We have a similar problem with Polly and our two Burmese. One cat is older and has arthritis so doesn't move very quickly, the other is younger and smaller. The problem is the younger one will insist on running away, which is like a red rag to a bull, and the older one hisses. We have neighbour's cats who come into the garden who just stand their ground and Polly is fine with them, but our own cats she is a nightmare with. I keep hoping things will settle as Polly gets older. A friend had the same problem but when the dog reached a year things suddenly settled down. I have tried all sorts of things. The cats stay upstairs most of the time now, as we have a stair gate so Polly can't chase them up there. Any advice would be welcome.


----------



## Green Fairy (Oct 31, 2011)

Hi Colin,
That's a real shame. I waited until our old cat was put to sleep before getting Ryley as I knew he was just too old to cope, I thought the younger one would deal with him and put him in his place!
It starts of as play - i.e. Ryley with front paws down, wiggling his bum and wagging his tail, then he barks, the cat scoots across the floor and he gives chase and corners her.
We have left her to clout him (hoping that will teach him a lesson) but despite a bloody nose last week he's not giving up - plus I'm worried about his eyes! 
Has been a bit better today - why I haven't a clue!!


----------



## Green Fairy (Oct 31, 2011)

Nadhak said:


> Hi
> thanks for your reply earlier - made me feel so much better! Ryley is so lovely - hope to see more pictures as he grows as he is so like Treacle but she is show cocker mum!

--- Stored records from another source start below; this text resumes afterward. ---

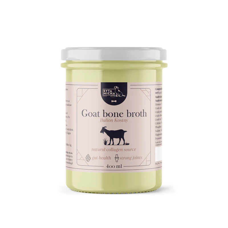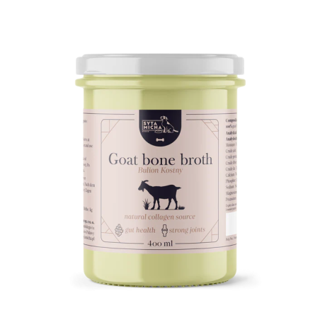 Nasz bulion z kości kozy powstaje w procesie powolnego gotowania przez prawie całą dobę. Taka forma obróbki termicznej pozwala wydobyć z kości wszystko to co najlepsze i najzdrowsze dla naszego psiaka. Ponadto, bogaty wachlarz składników odżywczych zawartych w kozim wywarze od Sytej Michy podnosi parametry zdrowotne psa, w tym usprawnia pracę układu odpornościowego, pokarmowego, nerwowego i kostno-stawowego.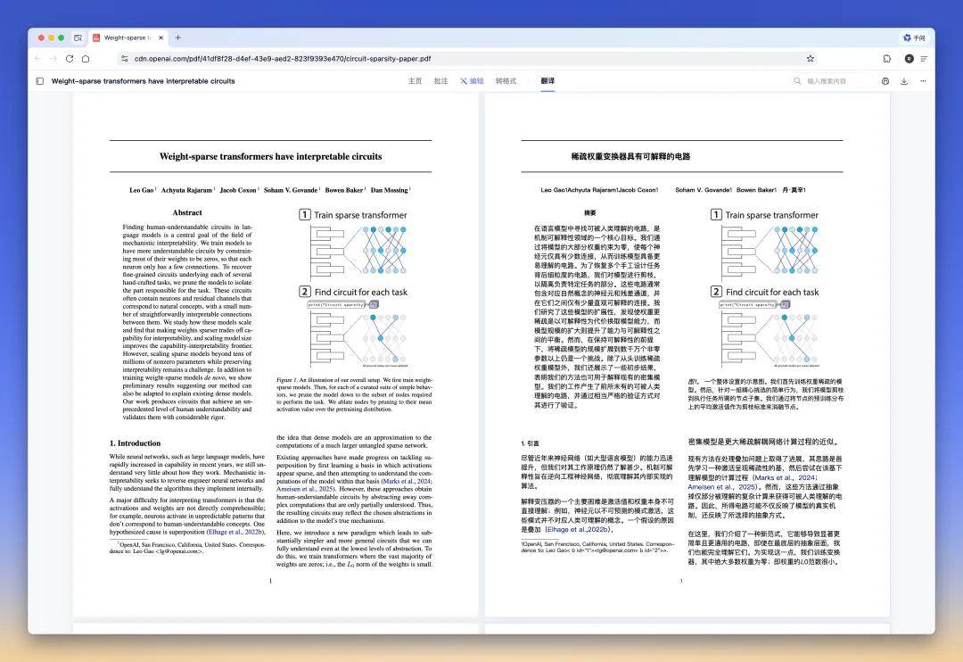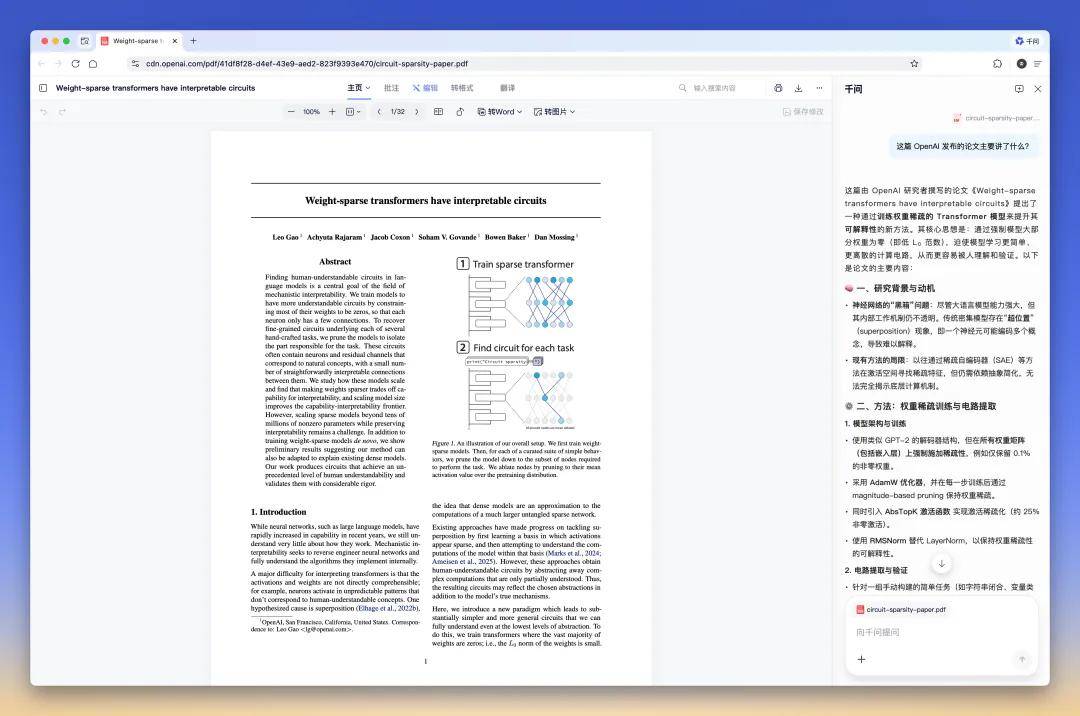 遇到论文研读这类真正的生产力场景,夸克的优势就更大了。大多数论文都是以 PDF 形式发布,但多数 AI 浏览器都只是简单套用了 Chromium 内核,没有对 PDF 阅读进行专门优化,阅读体验十分粗糙。夸克则借助此前积累的文档处理经验,加入批注、对照翻译、格式转换乃至跨端传输等一系列实用功能。两相比较,完全是精装修和毛坯房的差别。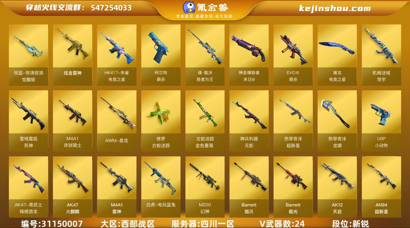 有幻神和皮肤有白虎电玩蓝兔有g36c幻影有金色蔷薇皮肤加音效卡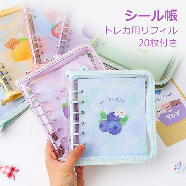 シール帳 コレクトブック バインダー トレカ用リフィル20枚付き 3リング 3穴 ミニ ミニサイズ 小さめ チェック トレカケース ラメ クリア トレカ ファスナー シール
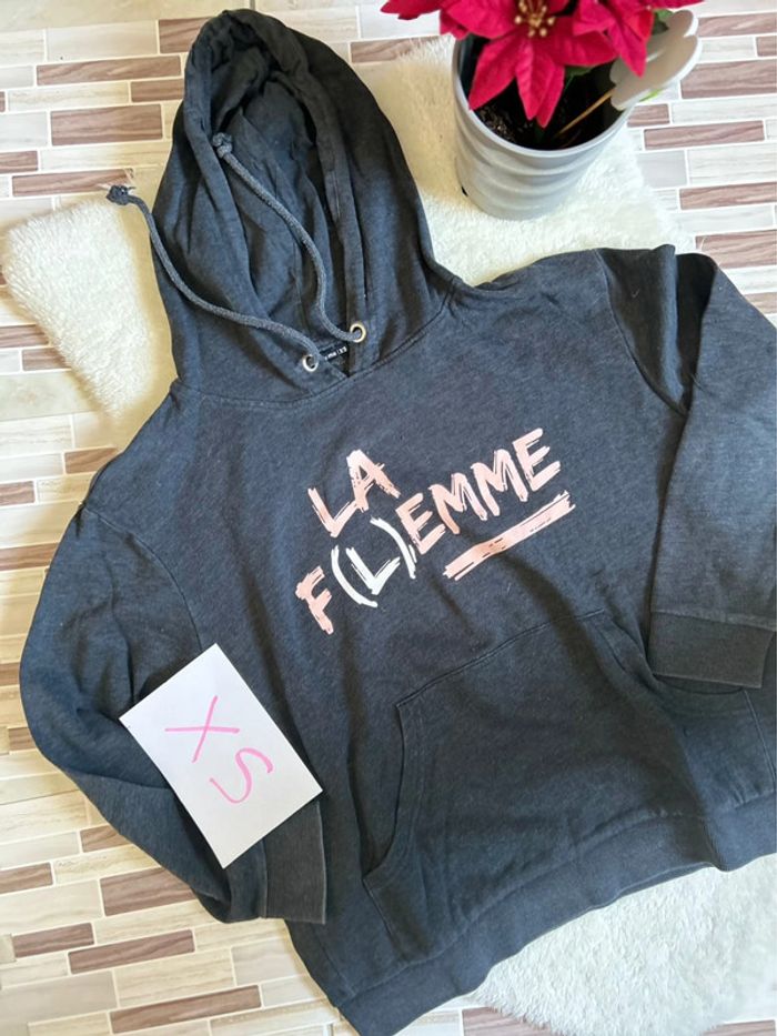 Sweet gris avec inscription la flemme Marque follow me Taille XS En très bon état #charlinefemmeXS #charlinelolfille14ans N’hésitez pas si vous avez des questions

hi Nadine - yes they do look so alike. I love the colouring. Ryley has a perfect cross on his chest, he looks like he's been blessed. Can I see one on treacle too?
His mum was show cocker too and mini poo dad. x


----------



## Green Fairy (Oct 31, 2011)

Sezra said:


> We had the same issue with Daisy and our old cat (no longer with us but not down to Daisy!). She used to get so excited and bark madly but Milly (the cat) used to stand his ground.
> 
> I read something a while back about someone who adopted a greyhound and had to try and get it used to their existing cat. I will see if I can find it, but I seem to remember it involved controlled meetings (puppy on a lead) and lots of treats to give the dog a positive association when the cat was around and to distract it from wanting to chase. I did try this with my two and it sis work but I never got a chance to see how things developed. Off to look for the info....


Hi Sarah,
We were saying today maybe we will have to go back to the treat/reward when he leaves her alone, maybe we've been a bit lax on that lately. He's still only 5 months and maybe needs a bit more encouragement to leave her alone when he's a bit bored! Thanks


----------



## Green Fairy (Oct 31, 2011)

Ali79 said:


> Beau was the same with Pixie our cat who is almost 2. She would chase after her all the time so we put up a stairgate so that Pixie could escape into another room if she got fed up. We would tell Beau to leave Pixie in a firm voice and if she kept chasing her we would give her time out! It took a bit of time and work but below is a photo of how they are now. They still chase each other around but now it is harmless fun and if Pixie does go near one of Beau's toys etc Beau just goes and lays next to it or on it! Ryley is still very young so you just need to perservere and hopefully things will get better  Good Luck X


Lovely pic! Am so jealous! I have had occasions when Ryley's been asleep on the sofa next to me and the cat comes and jumps on my lap for a snooze knowing he's right next to us. All's fine till he opens his eyes! Maybe with a bit more time he'll simmer down a bit. x


----------



## Green Fairy (Oct 31, 2011)

anndante said:


> We have a similar problem with Polly and our two Burmese. One cat is older and has arthritis so doesn't move very quickly, the other is younger and smaller. The problem is the younger one will insist on running away, which is like a red rag to a bull, and the older one hisses. We have neighbour's cats who come into the garden who just stand their ground and Polly is fine with them, but our own cats she is a nightmare with. I keep hoping things will settle as Polly gets older. A friend had the same problem but when the dog reached a year things suddenly settled down. I have tried all sorts of things. The cats stay upstairs most of the time now, as we have a stair gate so Polly can't chase them up there. Any advice would be welcome.


Hi - yes you're right, as soon as there's movement there's a chase! I might get another stairgate in for the reception rooms rather than just at the stairs, maybe that will help a bit.


----------